Be careful of vector::reserve?

2019-07-02 09:19发布

问题:

I was trying to do something like this:

#include <vector>
#include <algorithm>

int main()
{
    int l[] = {1,2,3,4};
    vector<int> vi(4);
    copy(l, l+4, vi.begin());

    do_stuff();
}

The above code can compile and run without no errors. Then I changed it into this:

int main()
{
    int l[] = {1,2,3,4};
    vector<int> vi;
    vi.reserve(4);  //different from the above code
    copy(l, l+4, vi.begin());

    do_stuff();
}

According to the code, I changed vector<int> vi(4); into vector<int> vi; vi.reserve(4);, but the problem comes, that is, the changed code can compile, but a seg-fault occurs when it runs.

According to gdb, the seg-fault occurs in function do_stuff();.

Why is that? Does the change I made matter? Can't I use reserve here?

回答1:

The reserve() method only allocates memory, but leaves it uninitialized.
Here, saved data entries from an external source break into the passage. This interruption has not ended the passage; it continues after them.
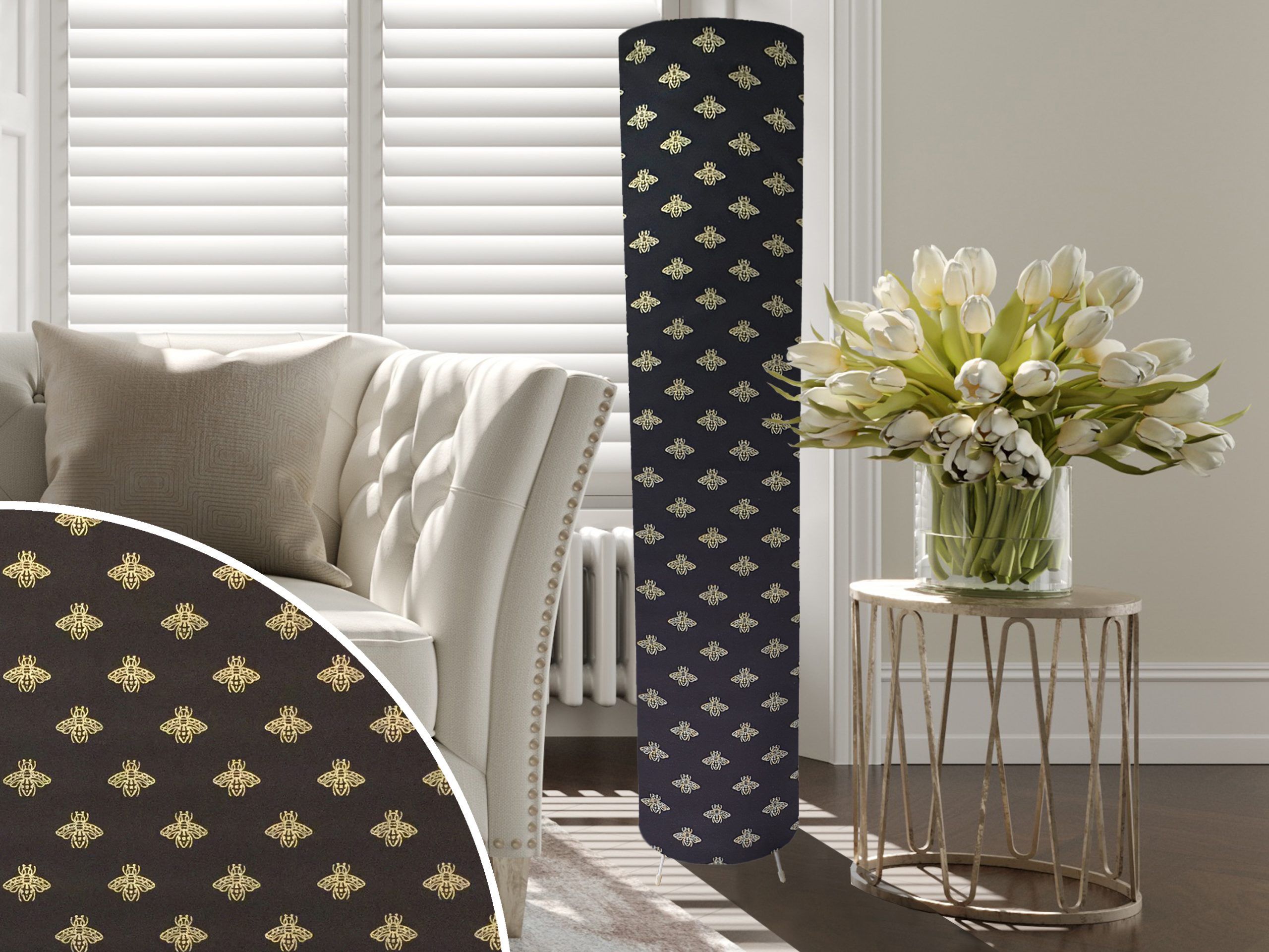 A stylish animal print fabric makes this golden bee floor lamp a colourful addition to your home interiors. This floor lamp features a gorgeous patterned exterior of shimmering gold bees on a contrasting black background. The fabric is backed onto a lampshade specific white PVC designed to provide reflect light internally to ensure the floor lamp will be well illuminated.
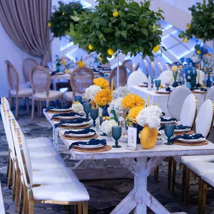 Our venue, set up, flower arrangements
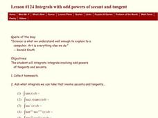 Twelfth graders solve equations containing powers of sec and tan. In this caclculus lesson plan, 12th graders integrate integrals that have odd powers of trig functions. They use trig substitution to solve these problems.
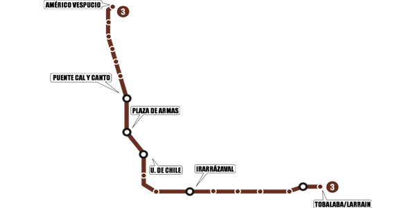 El inicio de las obras de la futura Línea 3 en el centro de Santiago considera la construcción de las nuevas estaciones Universidad de Chile y Plaza de Armas, las que complementarán a las ya existentes en las Líneas 1 y 5, respectivamente, sirviendo como puntos de combinación para los pasajeros del tren subterráneo.
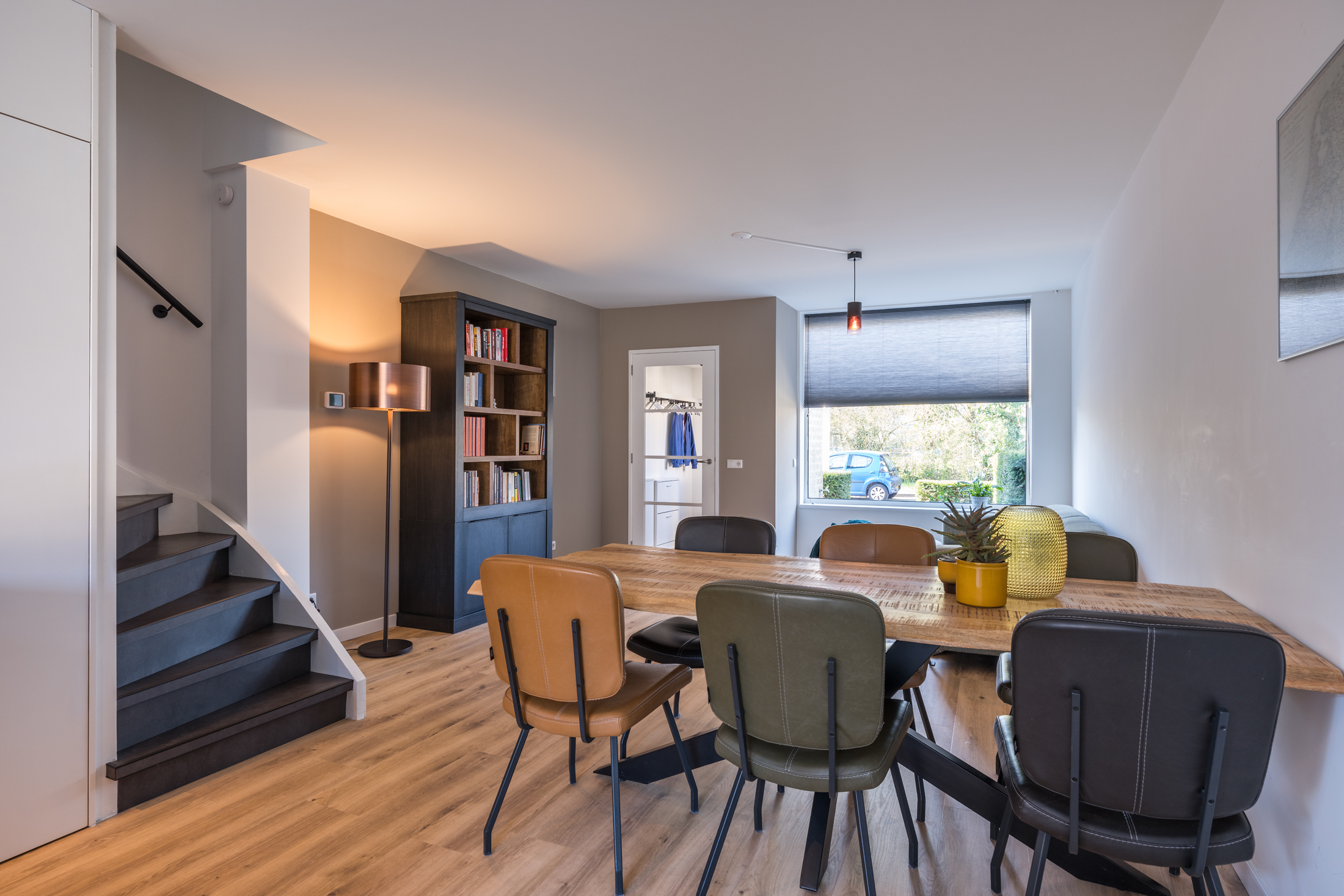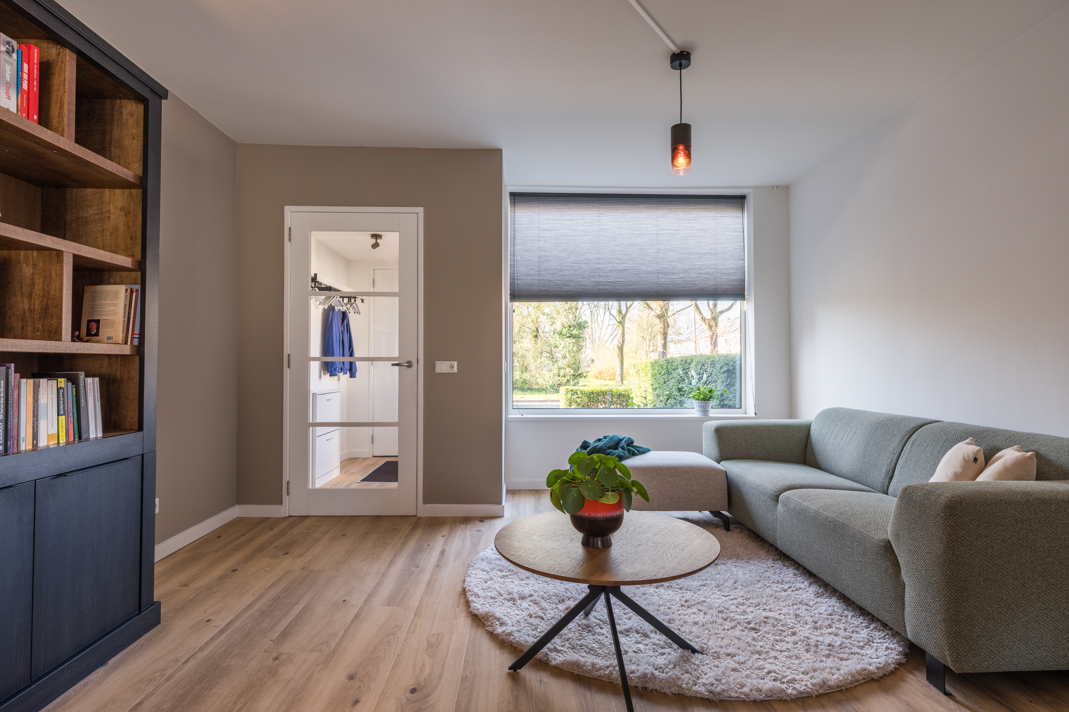 Je komt binnen in de hal met garderobe, meterkast en een modern toilet. Het toilet is vrijhangend, voorzien van een fontein en in 2023 volledig vernieuwd. Vanuit de hal stap je de ruime en lichte woonkamer binnen van circa 39 m². Dankzij de grote raampartijen aan zowel de voor- als achterzijde geniet je hier de hele dag van een prettige lichtinval. Aan de achterzijde is de keuken gesitueerd, die in 2023 volledig is vernieuwd. De keuken is modern uitgevoerd en voorzien van diverse inbouwapparatuur, waaronder een 4-pits inductiekookplaat met geïntegreerde afzuigkap, koelkast, combi-magnetron en een vaatwasmachine. De begane grond is afgewerkt met een pvc-vloer in combinatie met vloerverwarming en is de vloer geïsoleerd. Dit alles is in 2023 uitgevoerd. Daarnaast zijn de wanden en het plafond strak gestuukt. Het raam aan de voorzijde kijkt uit over groen en is voorzien van een elektrisch screen.

It only affects capacity(), but size() will be unchanged.

If you want to create as many instances you should use resize() which allocates memory, and also creates as many instances as the argument passed to resize().



回答2:

It appears to me that what you actually want to achieve is initialize a vector with a list of elements. This is easily achieved in C++11 with the new list-initialization syntax:

std::vector<int> vi {1, 2, 3, 4};

If your compiler does not support this syntax yet, you can use the good old range constructor:

int a[] = {1, 2, 3, 4};
std::vector<int> vi(a + 0, a + 4);

If for some reason you really want to reserve space and then push the elements back later, write this:

std::vector<int> vi;
vi.reserve(4);
int a[] = {1, 2, 3, 4};
std::copy(a + 0, a + 4, std::back_inserter(vi));   // need to #include <iterator>


回答3:

In addition to other answers, you don't need reserve and copy, because assign is sufficient here:

int main()
{
    int l[] = {1,2,3,4};
    vector<int> vi;
    vi.assign(l, l + 4); 

    do_stuff();
}


回答4:

From one particular C++ reference:

In any case, a call to [vector::reserve] never affects the elements contained in the vector, nor the vector size (for that purposes, see vector::resize or vector::erase, which modify the vector size and content).